Justicia y desprecio

Durante los años ochenta, cuando todos estábamos enfrascados en la apasionante tarea de redondear y dar consistencia al joven régimen entre grandes dificultades -Miláns, Armada y Tejero daban su golpe de Estado en 1981 y el terrorismo martilleaba sanguinariamente sobre la sociedad española sin cesar ni un momento-, nadie se preocupó en prever la posibilidad, inimaginable en aquella época, de que ETA pudiese sobrevivir todavía algunas décadas, por lo que procedía revisar la legislación del franquismo con el fin de asegurarse de que los más abyectos criminales de la organización no salieran de prisión aprovechando las paternalistas ventajas del viejo Código Penal de la dictadura, aquel régimen represivo que, al parecer, trataba de lavar su mala conciencia mediante concesiones de aquella índole (la famosa redención de penas por el trabajo, por ejemplo).

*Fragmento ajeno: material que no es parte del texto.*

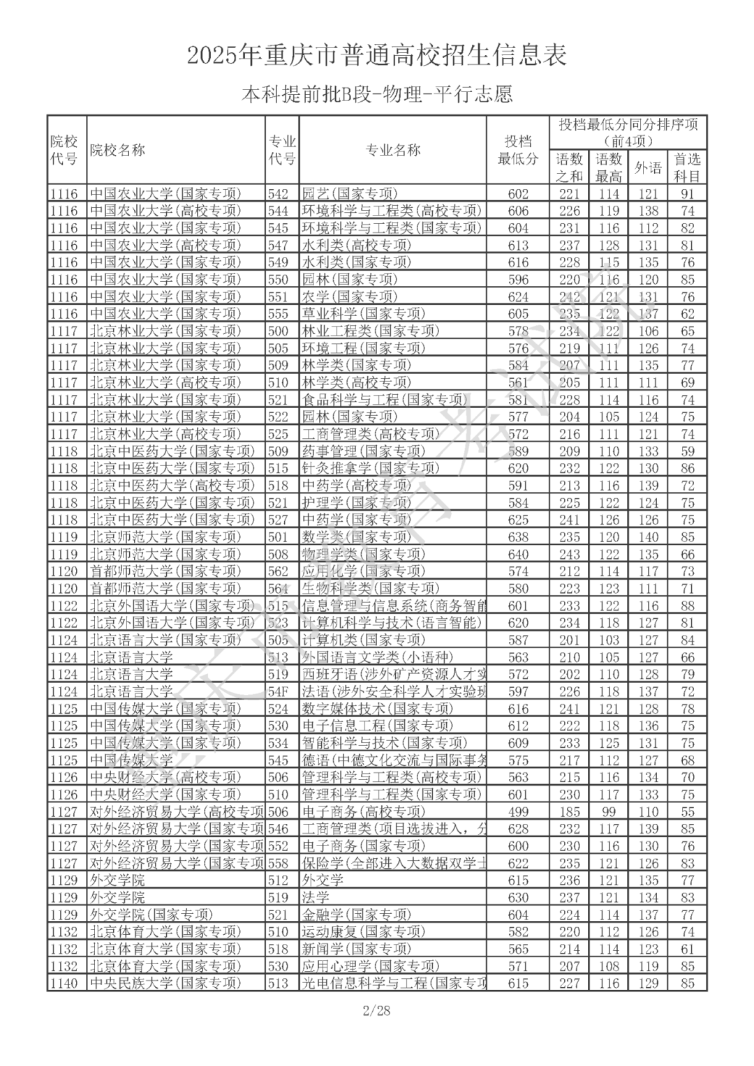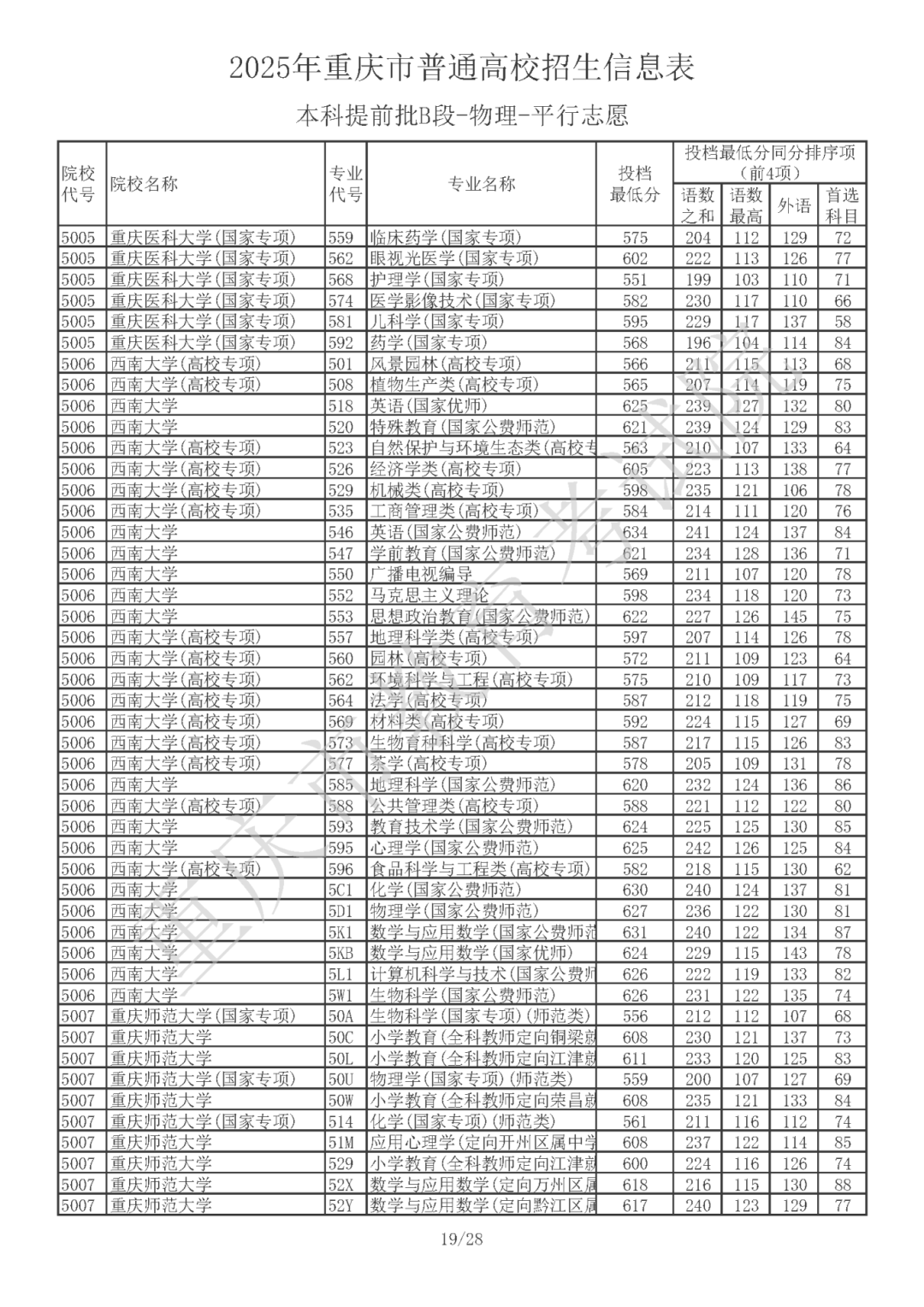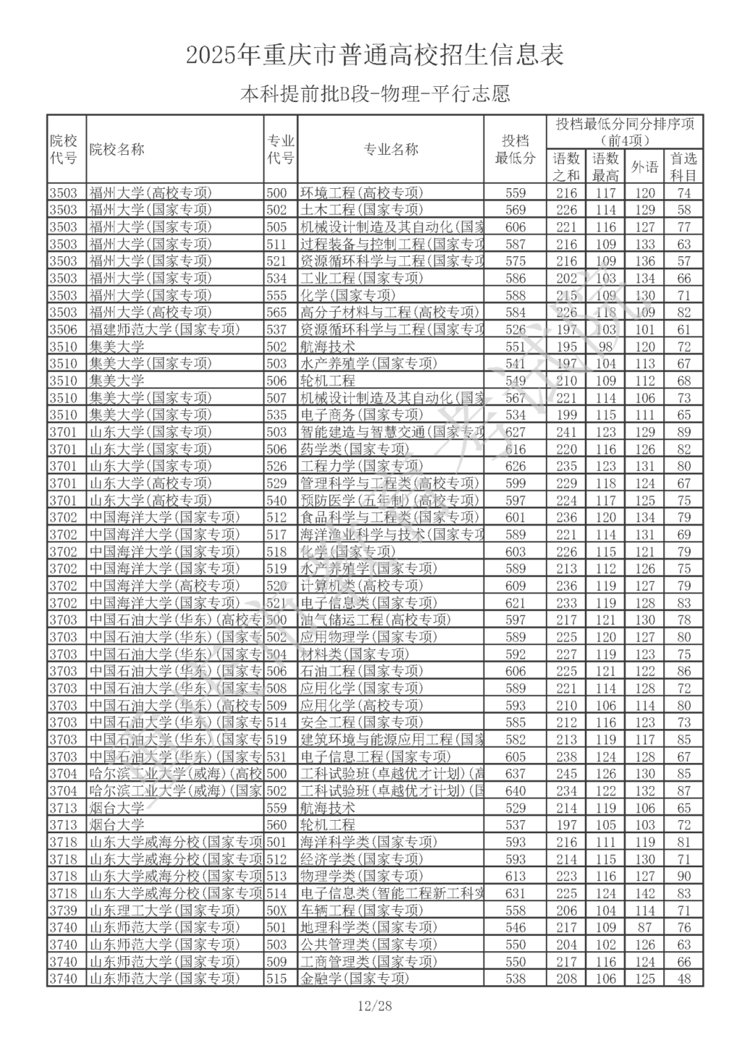 2025年重庆市普通高校招生信息表 普通类本科提前批B段(物理类)信息已发布,具体内容如下:
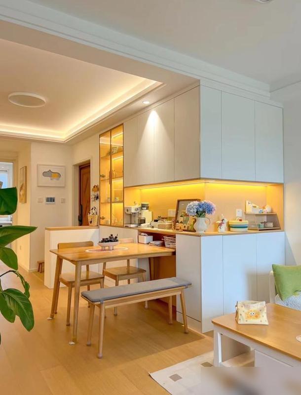 最后,空间得“活”起来。我家把阳台封了,和客厅连在一起,放了个小茶桌,平时喝茶晒太阳;餐厅和客厅不硬隔,摆个可伸缩的餐桌,人多展开,人少收起来,吃饭、办公都不耽误。原本零碎的小空间,这么一“串”,反而有了大平层的通透感。
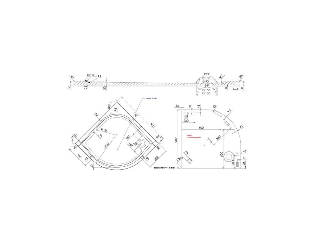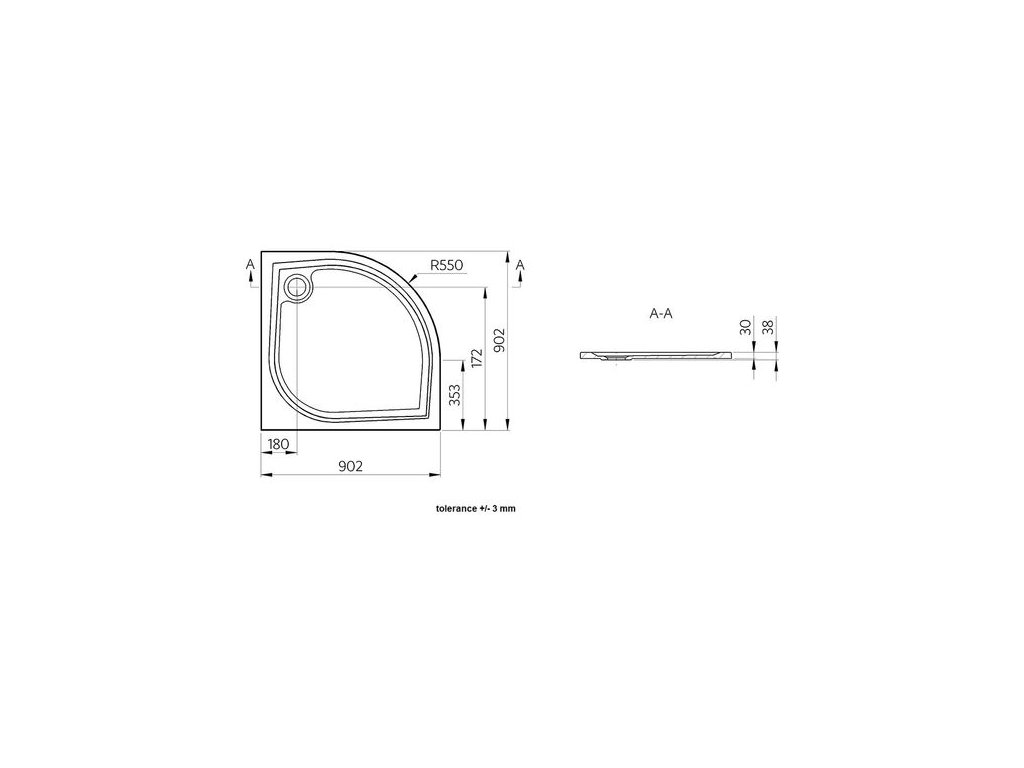 EBS Aria Vanička čtvrtkruhová 90x90 litá, rádius 550

Y así, cuando uno de los más sanguinarios etarras, De Juana Chaos, en prisión desde 1987, fue condenado a más de 3.000 años de cárcel por 25 asesinatos, ya estaba sobreentendido que no cumpliría más de veinte, sin que la irretroactividad de la ley penal, consagrada en la Constitución, permitiera después cambio alguno a este respecto. Como se sabe, De Juana saldó su deuda formal con la Justicia en 18 años y ya estaría en la calle si no hubiera sido procesado y condenado por dos amenazantes artículos publicados en 'Gara', que han dado lugar a una inefable secuencia de despropósitos jurídicos saldados por el Supremo con una pena menor de apenas tres años de prisión, mucho después de que la Fiscalía, enajenada por las presiones de la opinión pública, hubiera llegado a anunciar que pediría 98 años de cárcel por aquellos opúsculos. Aunque ya no tiene sentido la duda, muchos juristas se han preguntado en todo caso si es razonable juzgar por ser de ETA y proclamarlo a quien acaba de cumplir una sentencia por diversos crímenes en su nombre.

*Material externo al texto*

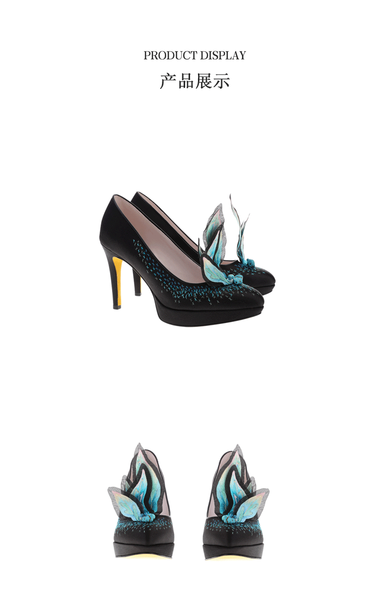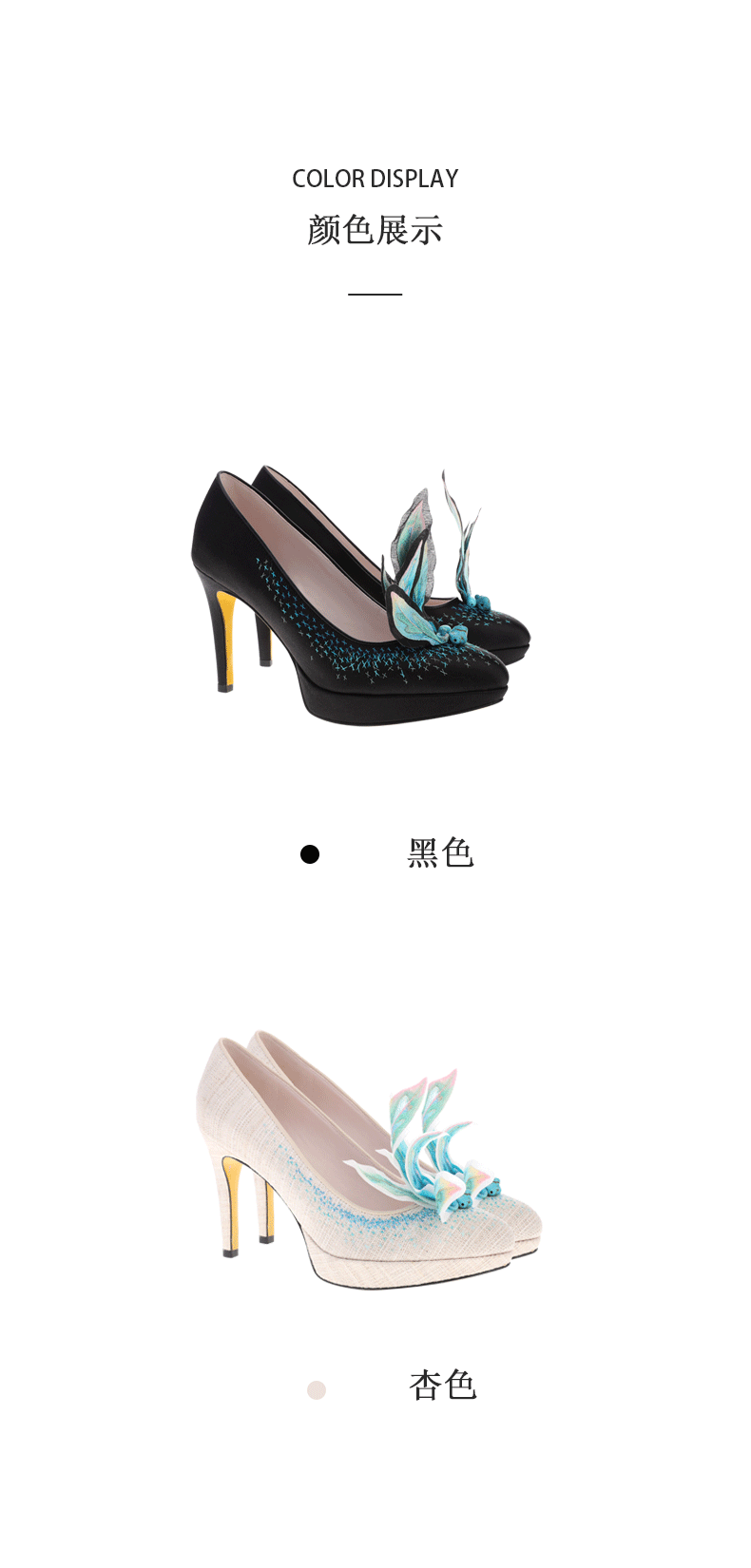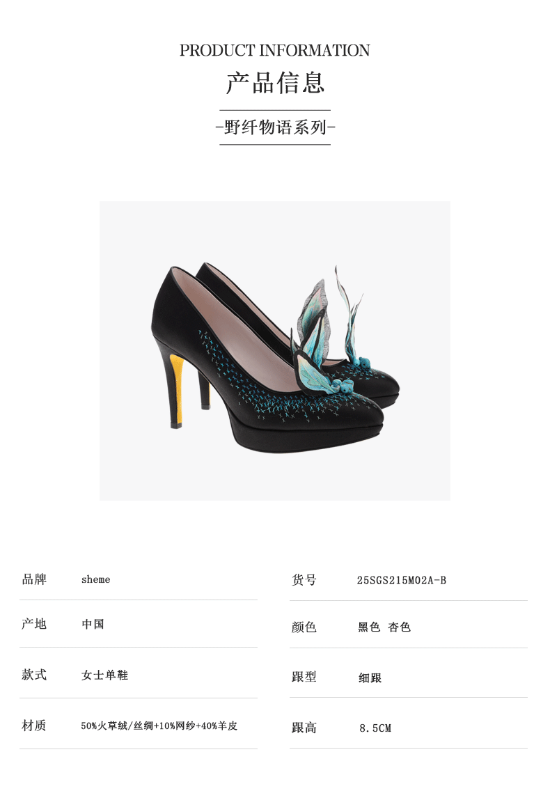 sheme野纤物语系列环保火草绒刺绣点缀女士高跟鞋优雅时尚可定制

A todo esto, el cínico criminal en cuestión, airado por la persecución penal de sus escritos que le impedía salir a la calle, decidió en su momento chantajear al sistema mediante una huelga de hambre intermitente. Y ahora el Gobierno, en aplicación estricta del artículo 100.2 del Reglamento Penitenciario vigente desde 1996 y a través de la Dirección General de Instituciones Penitenciarias, ha propuesto al juez de Vigilancia Penitenciaria la prisión atenuada para el reo, decisión que puede salvar su vida. Hasta el último momento, el Partido Popular se ha mostrado partidario de exigir a De Juana, que ya está en Euskadi, el cumplimiento estricto de la pena en régimen carcelario.

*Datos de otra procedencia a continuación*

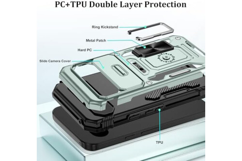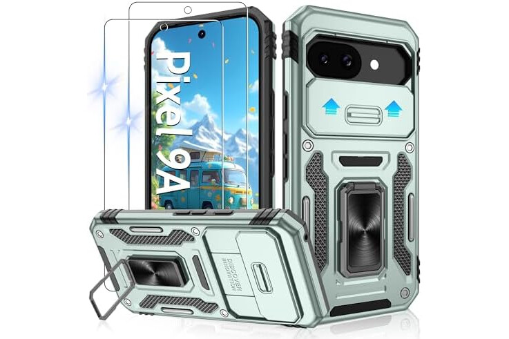 for Google Pixel 9A Case with 2 Pack Screen Protector, Military Grade Shockproof, Slide Camera Cover, Ring Stand Phone Case for Google Pixel 9A, Alpine Green
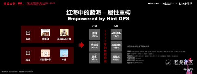将原有产品的属性进行叠加或者重组,可以形成新的细分赛道。以食品行业为例,来自Nint任拓的数据显示,2022年,在食品赛道中,组合了高蛋白、高纤维的传统功能属性,叠加低温烘焙、冻干等技术属性的产品增长超过25%,领跑赛道增长。
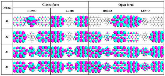 Furthermore, the self-consistent Hamiltonian of J1~J4 junctions are projected onto the central regions to calculate the spatial distribution of frontier molecular orbitals to display the interaction between the GNR electrodes and the DHP/CPD molecule more clearly (as shown in Figure 7). It is clear that the HOMO and LUMO of J1 and J2 junctions, including the closed and open form, are predominantly localized at the electrodes or molecule segment, which serve as nonconducting channels. Conversely, both the HOMO and LUMO of J3 and J4 exhibit delocalization across the entire junction, enabling more efficient electron transport. It is worth noting that the orbitals localized on the molecule (the HOMO of J1c) are delocalized on the molecular moiety, and those localized on the electrode (the other orbitals of J1 and J2) are also delocalized on their respective electrode parts, thus indicating that their localization characteristics primarily depend on the bridging group. The spatial distribution of frontier molecular orbitals closely resembles that of the LDOS distribution of J1c~J4c (Figure 6c), further demonstrating that the bridging CH2 group can weaken the molecule-electrode interaction, while conjugated CH=CH and C≡C groups facilitate stronger molecule-electrode coupling.
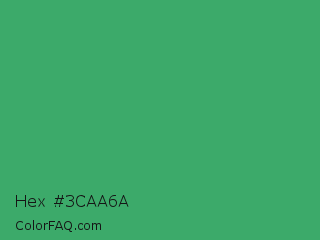 Hex #3caa6a Color is a normal green color and the nearest color is Chateau Green #40a860. Hex code #3caa6a and RGB value is rgb(60,170,106). In RGB color space, this color is composed of 24% red, 67% green, 42% blue, In CMYK color space, this color is composed of 65% cyan, 0% magenta, 38% yellow , 33% black , In HSL color space, this color has a hue angle of 145° , 48% saturation and 45% lightness.
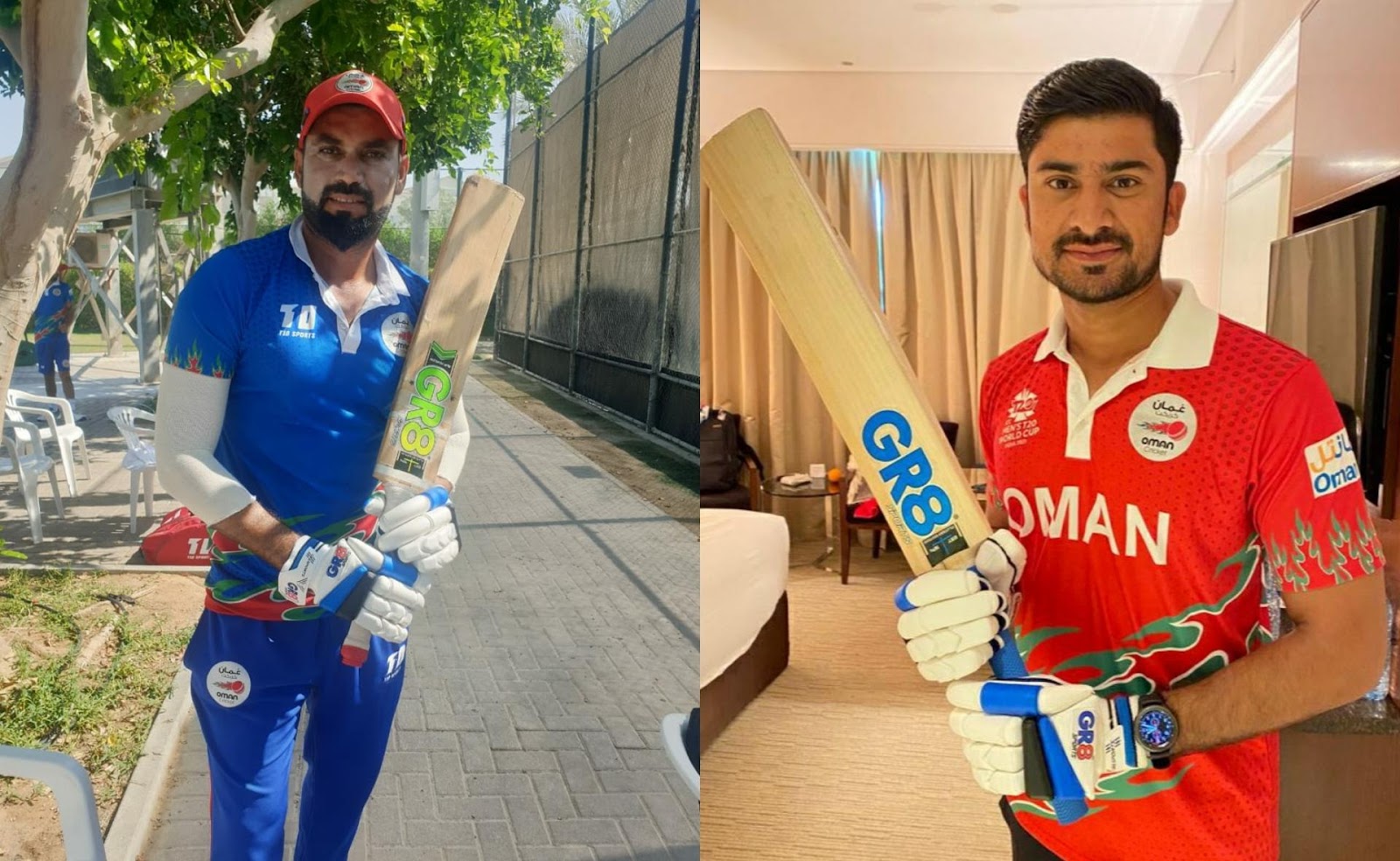 Two Omani players, Naseem Khushi and Bilal Khan, who are using the GR8 Sports kit in their World Cup matches, were photographed displaying these bats as final preparations for the World Cup were underway.

En el terreno abstracto de lo puramente humano y personal, es muy difícil acopiar alguna dosis de piedad hacia este sayón repulsivo que no dio oportunidad alguna a sus víctimas. Nadie derramaría una lágrima por su muerte, aunque fuera entre los retortijones de la inanición. Pero el Estado democrático está en la obligación de la grandeza. Y quienes tienen el mandato de gestionarlo, en la de tratar de impedir la muerte, cualquier muerte. Y la de evitar, como dijo brutalmente Rodríguez Ibarra, que este sujeto indigno se convierta en héroe para la minoría fanática que ha arropado su sanguinaria desviación.

Esta opinión no desautoriza en absoluto la tesis del PP, que sin duda recoge mejor que la contraria la justa indignación de las víctimas del criminal en serie: buena parte de la opinión pública se siente representada por esta inflexibilidad, que sin embargo el PP revisaría sin ninguna duda si fuera él el encargado en este momento de hacer cumplir las leyes. A fin de cuentas, la democracia se resume gozosamente en esta contradicción: a la oposición le corresponde expresar su opinión; al Gobierno, buscar la síntesis que represente el bien común.

El sistema legal de nuestras democracias trasciende por fortuna de la ley del Talión, aquel principio jurídico de justicia retributiva en el que la norma imponía un castigo que se identificaba con el crimen cometido y que tiene su expresión más genuina en la expresión 'ojo por ojo, diente por diente' que aparece en el Éxodo, uno de los libros del Viejo Testamento. En una democracia como la nuestra, el respeto a las reglas de juego que nos hemos dado -la seguridad jurídica- y la capacidad de contención que relativiza la idea de venganza son pilares fundamentales de civilización a los que no podemos renunciar. En consecuencia, nada se destruye por el hecho de que el verdugo De Juana Chaos salve finalmente la vida de su propia locura por la mano oportuna del Estado. Al contrario: la indignación que produce la procacidad obscena de este desalmado tiene, a modo de contrapunto, la satisfacción de ver cómo nuestras instituciones son capaces de evitar el ensañamiento, de actuar con sutileza y magnanimidad, de despreciar en silencio a este abyecto asesino.